Le patron de PSA, Carlos Tavares, se félicite dans Les Echos d’avoir racheté Opel. La marque allemande est redevenue bénéficiaire. C’est une bonne surprise ?

Un miracle, même, nous dit le journaliste Julien Dupont-Calbo. Le constructeur français a acheté Opel il y a juste un an, et lancé son plan de redressement il y a huit mois. L’objectif était de 2% de marge opérationnelle en 2020. Or le compteur affiche déjà 5% à la mi-2018. Tavares a mis les gaz et a presque remboursé son acquisition.  

C’est d’autant plus spectaculaire que General Motors n’avait pas réussi à tirer un dollar de sa filiale allemande depuis le début du siècle. Le boss de PSA aurait-il une recette secrète ? La réponse est terriblement ennuyeuse : « réduire les coûts fixes, les coûts variables, et améliorer les prix de vente », explique Tavares, qui ajoute aussi, histoire de bien recadrer les poètes, qu’il « ne s’agit pas d’un plan philosophique à 30 ans ». Lui, il préfère piloter en surveillant tous les jours un tableur Excel de 1.000 lignes. Normal, pour le patron qui se vante d'être un « psychopathe de la performance » – ça file les chocottes. Il a déroulé sa méthode pour Opel, comme il l’a fait auparavant chez PSA. Avec succès.

Ce redressement d’Opel, une étape importante pour PSA

Tavares avait encore des choses à prouver après avoir quitté Renault pour devenir le patron dans la maison d’en face. La première étape a été le sauvetage de PSA. Rappelez-vous, il a fallu qu’un investisseur chinois et l’État français montent au capital pour sauver le groupe, il y a quatre ans. Les voitures ne se vendaient plus, trop de milieu de gamme alors que les acheteurs voulaient soit du luxe, soit du low cost. 

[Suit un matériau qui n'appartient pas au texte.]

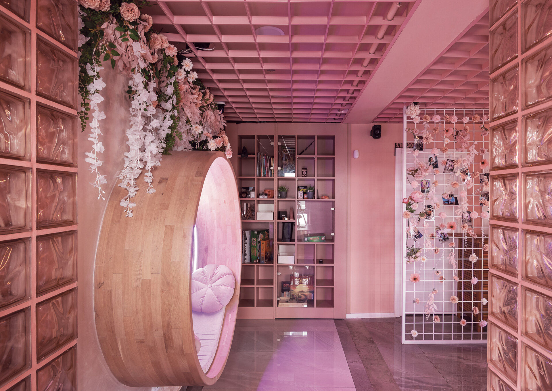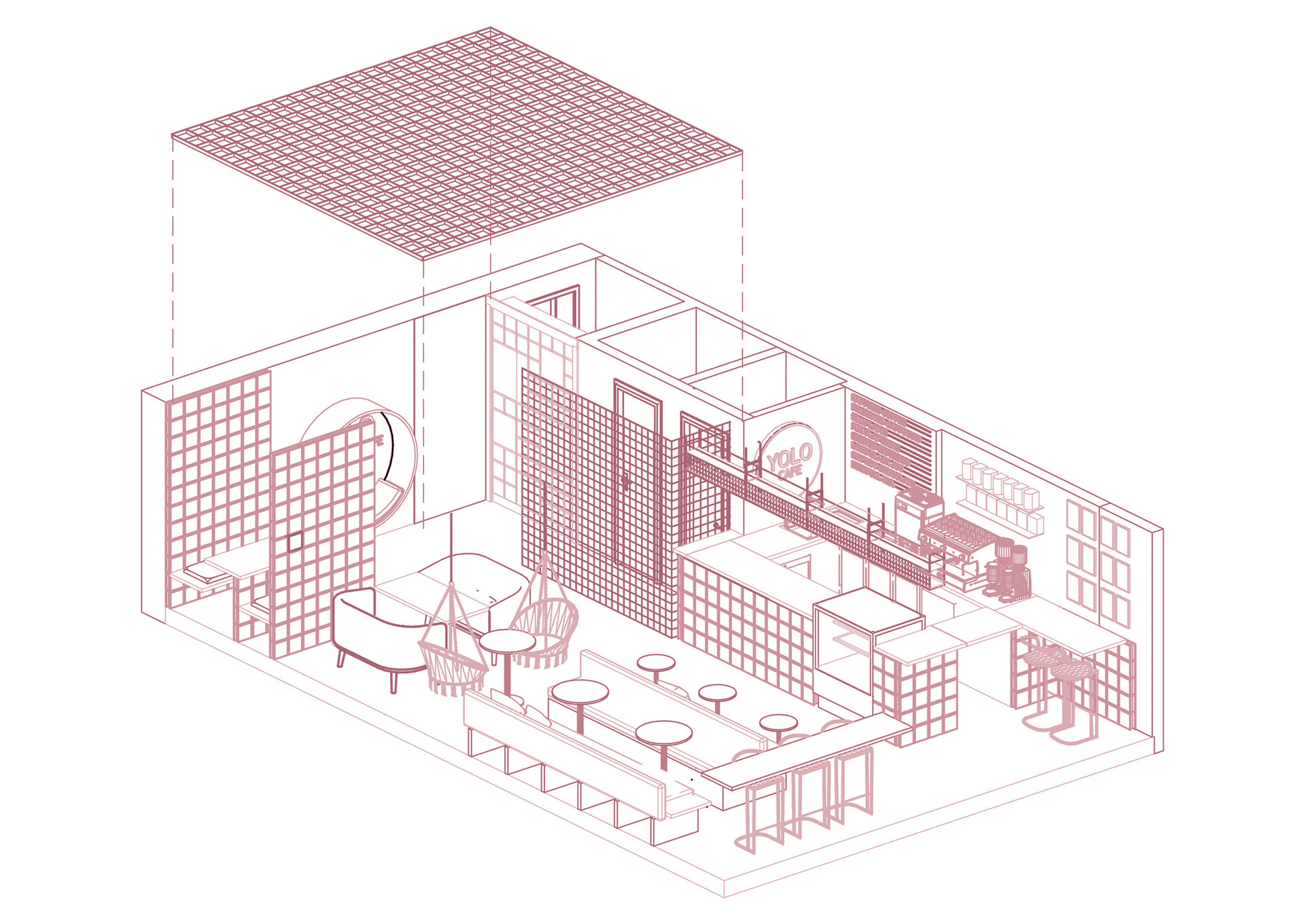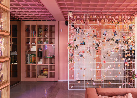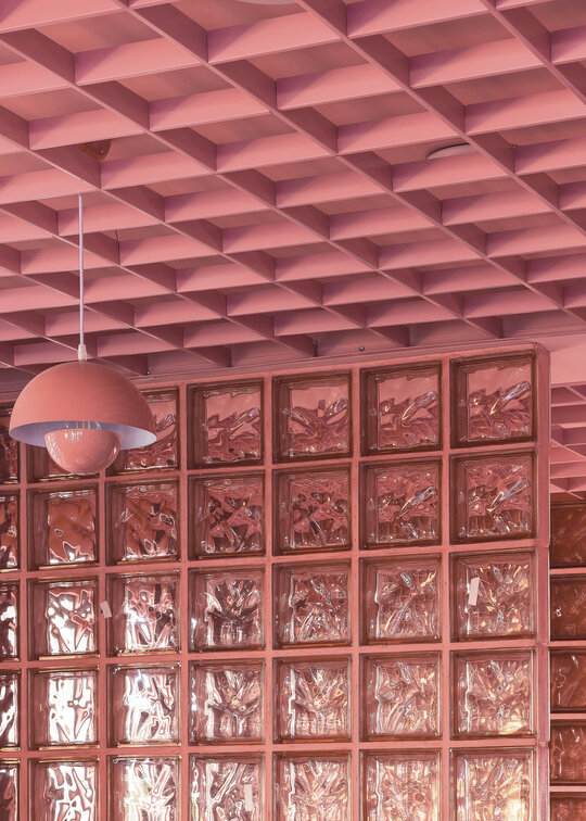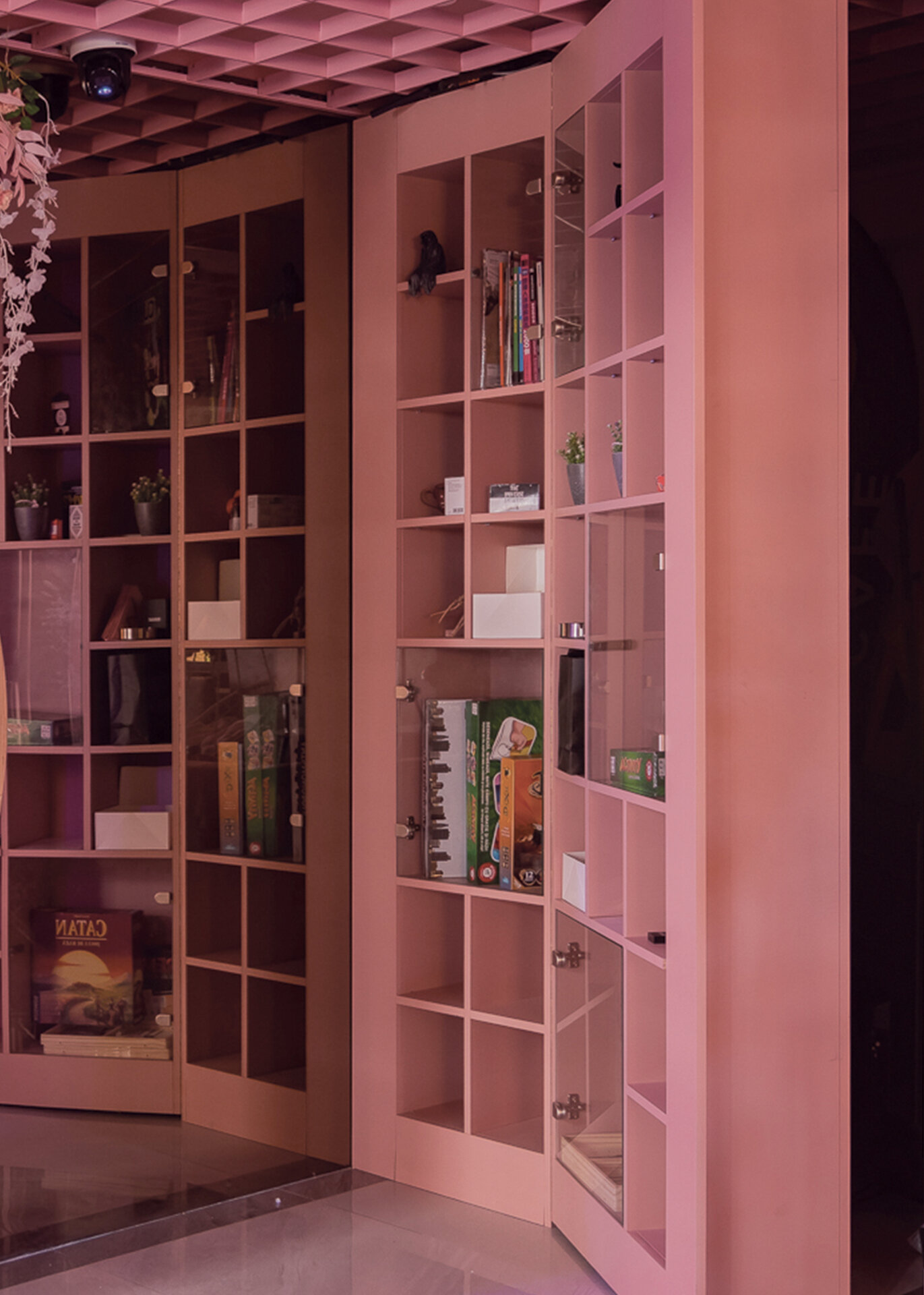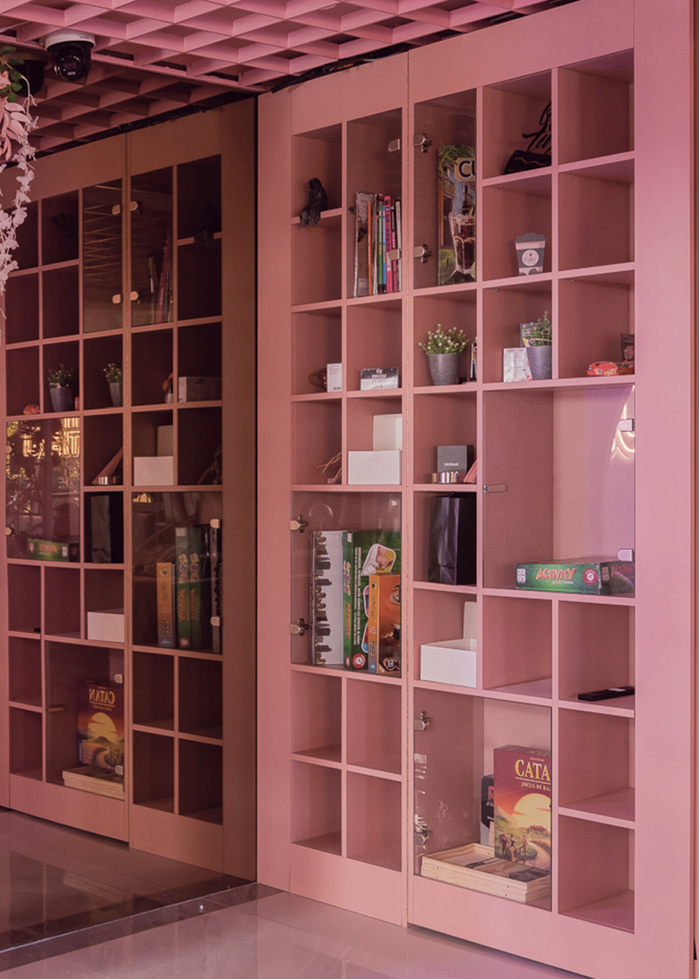 La nivelul plafonului, grilajul decorativ roz generează un ritm vizual și ordonează spațiul, delimitând zona de servire a cafelei de cea dedicată boardgames-urilor – aceasta din urmă fiind închisă cu pereți din cărămidă de sticlă pentru a spori intimitatea. De asemenea, această zonă este deschisă direct către o ușă secretă, mascată de dulapul cu jocuri. Panoul foto din plasă sudată îndeplinește un rol dublu: maschează într-un mod discret accesul către grupurile sanitare, în timp ce accentuează regularitatea gridului, consolidând astfel laitmotivul designului.

Le cauchemar est presque oublié. D’abord, l’économie est repartie, les gens achètent de tout. Ensuite, PSA est monté en gamme. Les marchés s’esbaudissent devant une marge opérationnelle à l’allemande : 8,5%, du jamais vu. D’où la deuxième étape : l’expansion. Après avoir avalé Opel, PSA construit 4 millions de véhicules par an, au lieu de 3 millions. Cette première brique montre qu’on peut bâtir encore plus grand.  Est-ce l’étape mégalo ? Tavares s’en défend. L’objectif, ce n’est pas de grossir, c’est de moins dépendre du marché européen. Il ne faudrait pas s’empâter et s’assoupir, à l’heure des voitures volantes, électriques, autonomes, et autres fantasmagories.